Here's where it can can confusing. Let's make it easier by adding redundant parenthesis to (.) and (.)ₐ and line them up with each other to help us keep track of things:

(.)  :: (   s     ->           t          ) -> ((r -> s) -> (r -> t))
(.)ₐ :: ((b -> c) -> ((a -> b) -> (a -> c))

Once we do the application, we can see the following is true:

s = b -> c
t = ((a -> b) -> (a -> c))

Next we substitute into the remaining parameters of (.), viz. (r -> s) -> (r -> t):

(.) (.)ₐ :: (r -> (b -> c)) -> (r -> ((a -> b) -> (a -> c)))

Now to make things easier we remove redundant parenthesis. This can only be done on the right-hand side since -> commutes to the right. To make sure that we understand how this is done, we'll do it one step at a time:

(.) (.)ₐ :: (r -> b -> c) -> (r -> ((a -> b) -> (a -> c)))

(.) (.)ₐ :: (r -> b -> c) -> r -> ((a -> b) -> (a -> c))

(.) (.)ₐ :: (r -> b -> c) -> r -> ((a -> b) -> a -> c)

(.) (.)ₐ :: (r -> b -> c) -> r -> (a -> b) -> a -> c

This simplified form will help us with the next step which is to apply (.)ₓ to (.) (.)ₐ. We line things up again to get the substitution values:

(.) (.)ₐ :: (  r     ->    b     ->    c   ) -> r -> (a -> b) -> a -> c
(.)ₓ     :: (y -> z) -> (x -> y) -> (x -> z)

So our new substitutions are:

r = y -> z
b = x -> y
c = x -> z

So applying those substitutions to the remaining parts of (.) (.)ₐ, viz. r -> (a -> b) -> a -> c we get:

(.) (.)ₐ (.)ₓ :: (y -> z) -> (a -> (x -> y)) -> a -> (x -> z)
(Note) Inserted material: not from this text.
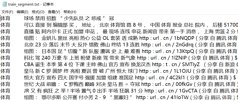 通过os.walk遍历所有训练集文件,将分类文本通过jieba库拆分成单个词组,用空格分隔。然后将分类文本添加到开头,并用制表符分隔,最后将结果输出到train_segment.txt,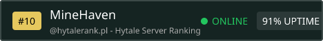 MineHaven – Your Adventure, Your World! Welcome to MineHaven, the ultimate Hytale experience where your adventure begins! Explore, build, and survive in a world full of endless possibilities. Features: Claim Your Land: Own your personal plots and protect your creations. Level Up: Gain experience, unlock perks, and grow stronger as you play. Adventure & Explore: Discover hidden treasures, dungeons, and epic landscapes. Community & Fun: Join a friendly community, trade, and collaborate with other players. Create, explore, and make MineHaven your home – the world is yours!

And removing redundant parenthesis like before one step at a time yields:

(.) (.)ₐ (.)ₓ :: (y -> z) -> (a -> x -> y) -> a -> (x -> z)

(.) (.)ₐ (.)ₓ :: (y -> z) -> (a -> x -> y) -> a -> x -> z

Now we should see if we can make it look like the very first signature which is:

(.) . (.) :: (c -> d) -> (a -> b -> c) -> a -> b -> d

To do that, the following substitutions are needed:

y = c
z = d
a = a
x = b

Giving us:

(.) (.)ₐ (.)ₓ :: (c -> d) -> (a -> b -> c) -> a -> b -> d

And we have successfully survived Type Tetris™.